As the benefits and costs continue to be debated, very few mention the consequences to women and girls.

Minnesotans should be fully aware not only of the environmental risks this so-called "good for the economy" project entails, but also the human risks. Large numbers of transient workers, often from out of state, will descend on small Minnesota towns along the pipeline construction route. They are housed in what's become known as "man camps."

The workers have no connection to the community, get paid large sums of money and have little to do in their free time. Some will bring trouble, attracting the drug trade, sex trafficking or both. They will pollute the land by day, and women and children by night.

In Iowa, when the Dakota Access Pipeline was being built, there were several instances of this in Lee County, where I grew up. An agent of the Texas pipeline company was alleged to have offered a farmer who did not want the pipeline crossing his land sex with two teenage girls. Fortunately, the farmer taped the conversation. In another Iowa county, a Native American mother and daughter were protesting the pipeline when a worker in a truck stopped and yelled, "How much for the girl?"

We live in a culture that disrespects the very things that give us life: women, land, air and water. We know from the North Dakota Bakken oil boom that man camps drastically increased violence against women and girls.

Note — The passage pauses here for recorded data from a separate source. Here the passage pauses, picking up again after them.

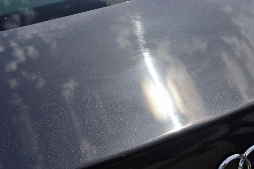 먼지털이개를 주기적으로 사용한 차는 표면에 '스월 마크' 라고 하여 거미줄을 연상시키는 잔기스들로 가득합니다. 잔기스들은 이미 표면이 손상되어 생긴 '상처'이기 때문에, 왁스나 실란트 등의 코팅제를 사용해도 절대 없애거나 감출 수 없습니다. 이 현상은 특히 검은색이나 남색 등 어두운 색 계열에서 두드러지게 나타나는데, 잔기스를 없애려면 표면을 깎아내어 연마하는 광택작업 외에는 해결이 불가합니다.
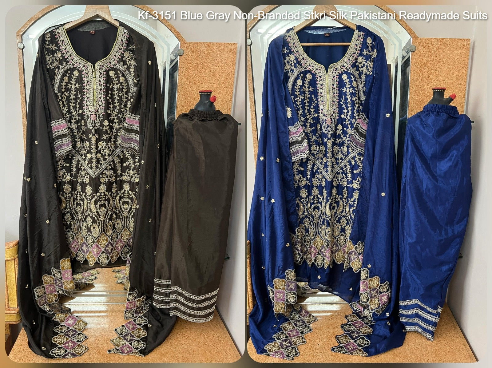 - Kf-3151 Blue Gray Non-Branded Stkri Silk Pakistani Readymade Suits Dealer Ahmedabad Surat Wholesale Gujarat India Lowest Price Best Quality Buy Purchase Shipping Kurta Salwaar Kameez Also free Cash on delivery
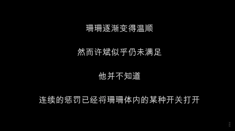 许斌阴沉着脸,深知大势已去的珊珊只得遵从命令跳回客厅,跪在许斌面前,惯用的找借口的伎俩被识破,气急败坏的珊珊再也无法忍受,挣扎着叫嚣着,但这只会让许斌意识到自己对珊珊的惩罚还远远不够。
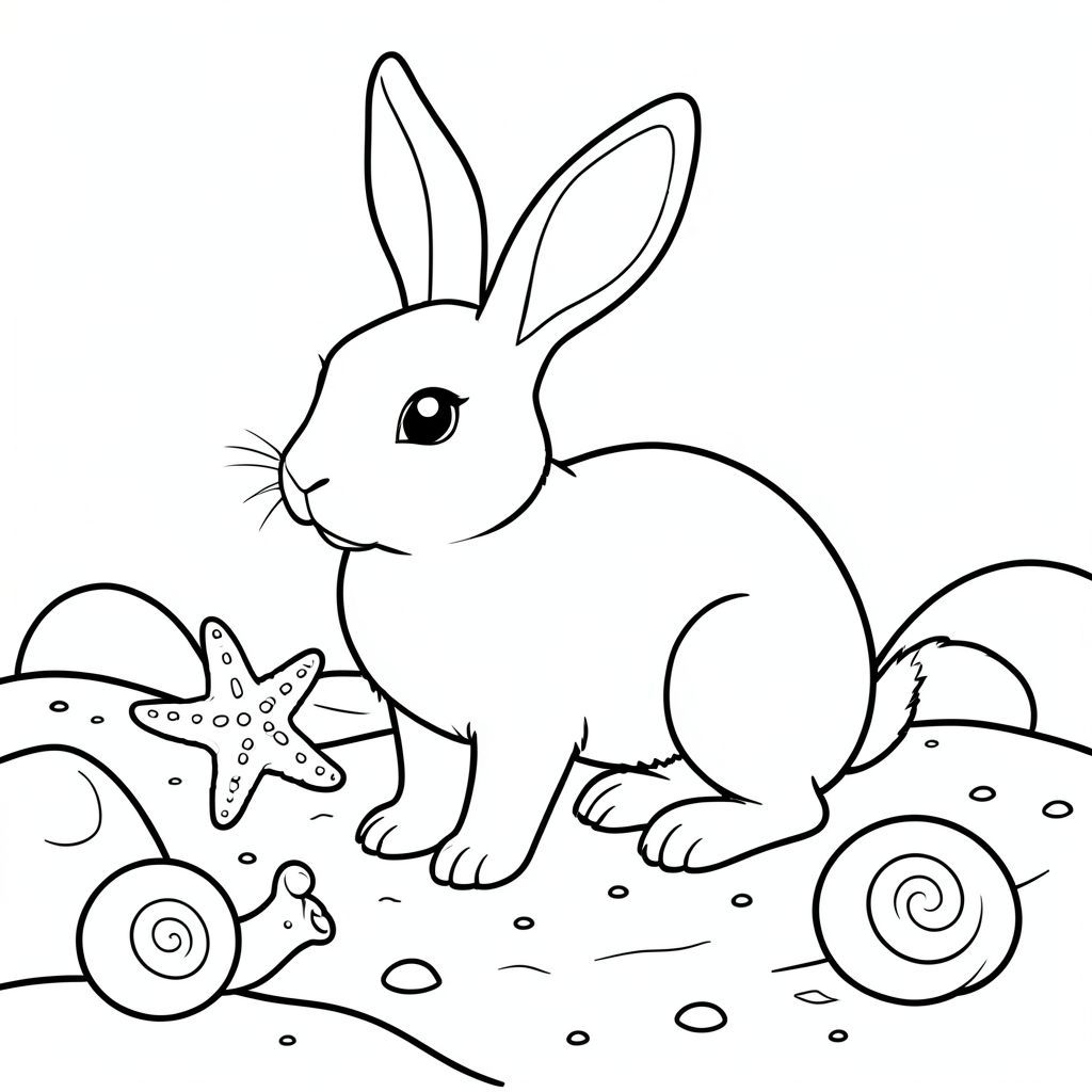 solo, single subject, one head, two eyes, two ears, four legs, one tail, natural proportions, proper scale in environment, anatomically correct, rabbit, Tide pool, starfish, snails, rocks, sand, water, sunlight, clear, smooth, rounded, coloring page, line art, white background, solo, single subject, anatomically correct, perfect anatomy
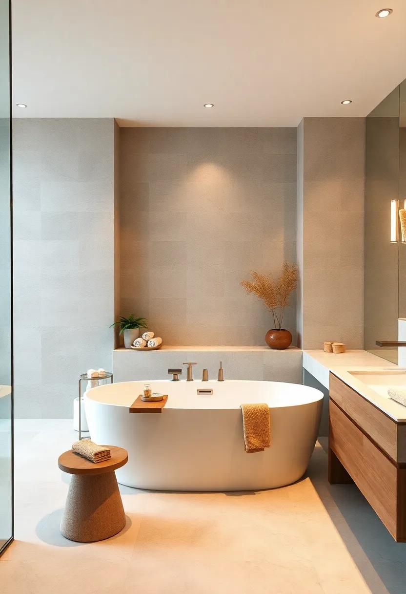 A monochromatic color palette plays a crucial role in achieving a harmonious and calming atmosphere. By opting for shades of white,gray,and earth tones,you create a comforting backdrop that allows the tub to shine. Textured tiles or matte finishes can add depth while still maintaining the clean look. To further emphasize the minimalist ethos, think about introducing a floating vanity or wall-mounted storage solutions that cleverly blend practicality with style, keeping the overall design clutter-free and inviting.

If we take a look at the state's Line 3 environmental-impact statement (EIS), it shows the project's negative impacts on women, particularly Native American women and girls, and on the broader environment. In Chapter 11, it states:

"Concerns have been raised regarding the link between an influx of temporary workers and the potential for an associated increase in sex trafficking, which is well documented, particularly among Native populations. … The addition of a temporary, cash-rich workforce increases the likelihood that sex trafficking or sexual abuse will occur. Additionally, rural areas often do not have the resources necessary to detect and prevent these activities."

The EIS drafters took time to talk to Enbridge about this concern for Minnesota. Here is what the EIS says:

"To address the potential for sexual abuse or sex trafficking, Enbridge can fund or prepare and implement an education plan or awareness campaign around this issue with the companies and subcontractors it hires to construct, restore and operate the pipeline. Enbridge can also provide funding to local and tribal law enforcement to identify and stop sex trafficking."

The EIS makes it sound simple. Throw a few dollars at education and more cops, and poof! Sexual violence disappears. However, absent from the EIS is 1) research that shows these so-called "awareness campaigns" are effective and 2) specific financial commitments from Enbridge.

Most significant, the EIS is missing voices of women and the Native American community. Women did speak up about this issue during EIS public hearings, but somehow their voices are missing in the EIS.

Why does Enbridge get a voice in this critical document but not women? This is the old-school response to complaints about sexual violence; when women speak up, our concerns are minimized or ignored.

I agree with Lisa Brunner, White Earth Ojibwe former program specialist for the National Indigenous Women's Resource Center, who described the wide-ranging impact of extractive industries such as oil fracking and pipelines as "predator economics."

"They treat Mother Earth like they treat women. … They think they can own us, buy us, sell us, trade us, rent us, poison us, rape us, destroy us, use us as entertainment and kill us."

The Minnesota Public Utilities Commission will have the final say about Line 3, and we urge these leaders to withdraw their consent from this destructive project and protect all we hold dear. As has been said: "Justice will not be served until those who are unaffected are as outraged as those who are."

Ann Manning, of Minneapolis, is director of Women's Congress for Future Generations and associate director of the Science & Environmental Health Network.